Segment Open
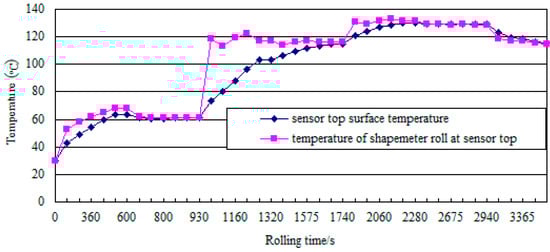 The temperature of the contact surfaces at the top of the sensor (see Figure 8) is determined via the method described in [9]. As the figure shows, the contact-surface temperature increases initially and then decreases with increasing number of rolling passes. The temperature of the shapemeter roll at the top of the sensor is greater than the temperature of the sensor top surface. This results in a temperature difference between the contact surfaces at the top of the sensor. The maximum difference (~60 °C) occurs in the third rolling pass. Owing to the temperature difference, the thermal-deformation difference between the contact surfaces will increase, whereas the sensor pre-pressure and the reliability of the sensor will decrease.
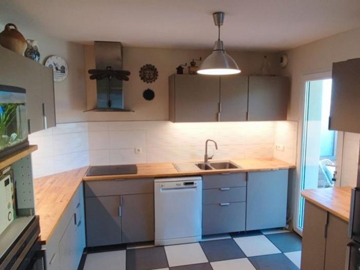 - Au rez-de-chaussée : Une spacieuse pièce de vie exposée est-ouest, avec un poêle à bois, une cuisine ouverte aménagée et équipée récente, ainsi que des toilettes séparées avec lave-mains, et un garage attenant.
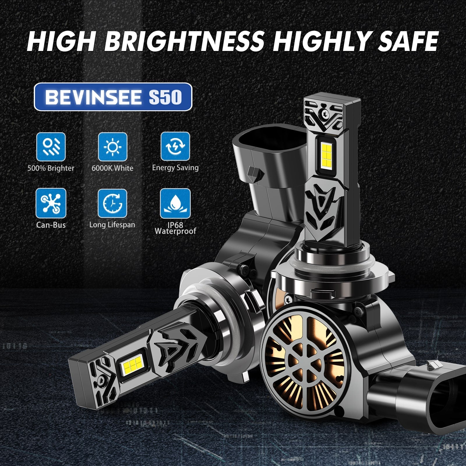 - 500% Brighter: Bevinsee S50 LED bulb adopt 2024 top automotive chips, 500% brighter than stock halogen. 6000K white light allows you to see farther and wider during night driving
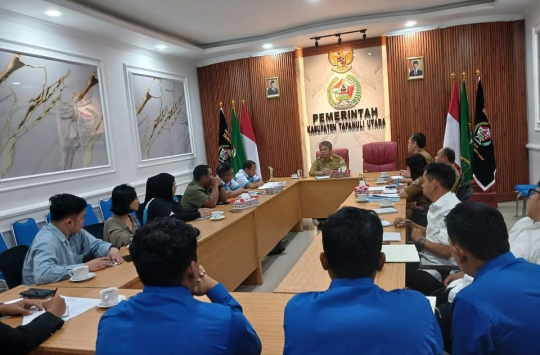Wakil Bupati Tapanuli Utara, Dr. Deni Lumbantoruan, M.Eng, didampingi Kepala Dinas Ketenagakerjaan Josua JE Hutabarat, melaksanakan pembahasan percepatan Program Kredit Usaha Rakyat (KUR) bagi pekerja migran bersama empat Lembaga Pelatihan Kerja (LPK) Swasta, Perseroda, dan Petani Milenial di Ruang Rapat Mini Kantor Bupati Taput, Tarutung, Senin (3/11/2025).
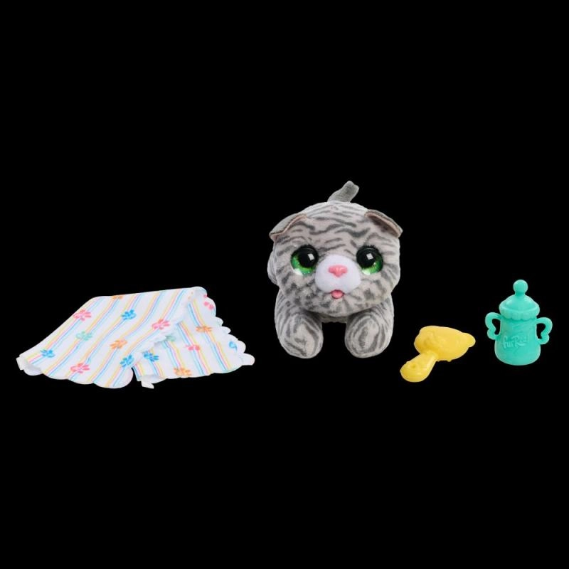 FurReal Neugeborenes Plüschkätzchen ist ein bezauberndes interaktives Tierchen, das Sie lieben werden! Es macht Freude, sich darum zu kümmern: Füttern Sie es mit der Flasche, beruhigen Sie es mit dem Schnuller oder schaukeln Sie es in Ihren Armen.
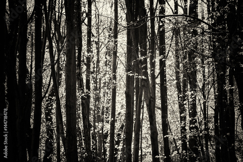 Fototapeta premium Low sun through trees in the woods
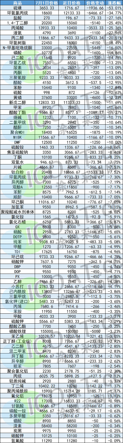 期貨市場的一片飄綠也傳導給現貨市場,80多種化工品價格出現了下滑趨勢,其中環氧氯丙烷、丁二醇、磷酸鐵鋰、黃磷等噸價下跌超千元,部分化工品跌幅近乎腰斬。
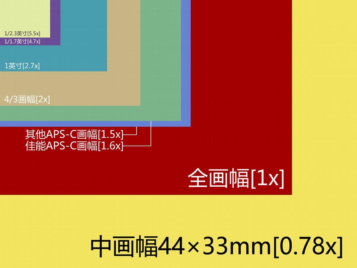 有意思的是,在新的宣传文案中富士将GFX系列称之为“超级全画幅”,而不是“中画幅”,显然很多消费者并不了解中画幅传感器的尺寸其实比全画幅更大,厂方不得已只能玩一把文字游戏了。鉴于这种44×33mm的中画幅传感器已经进入民用市场,我们自然有必要对[可换镜头数码相机画幅尺寸比例示意图]进行重绘,将中画幅传感器的信息补充进去。
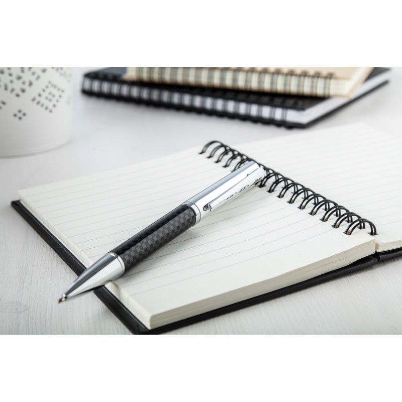 Металлическая шариковая ручка с корпусом из карбона и синим стержнем.
Segment Closed
ABOUT THIS TASK:
Pictures stay out; reproduce exactly the lines from the one containing "期貨市場的一片飄綠也傳導給現" through the end of the data.

RESULT OF THE EXERCISE:
 期貨市場的一片飄綠也傳導給現貨市場,80多種化工品價格出現了下滑趨勢,其中環氧氯丙烷、丁二醇、磷酸鐵鋰、黃磷等噸價下跌超千元,部分化工品跌幅近乎腰斬。
 有意思的是,在新的宣传文案中富士将GFX系列称之为“超级全画幅”,而不是“中画幅”,显然很多消费者并不了解中画幅传感器的尺寸其实比全画幅更大,厂方不得已只能玩一把文字游戏了。鉴于这种44×33mm的中画幅传感器已经进入民用市场,我们自然有必要对[可换镜头数码相机画幅尺寸比例示意图]进行重绘,将中画幅传感器的信息补充进去。
 Металлическая шариковая ручка с корпусом из карбона и синим стержнем.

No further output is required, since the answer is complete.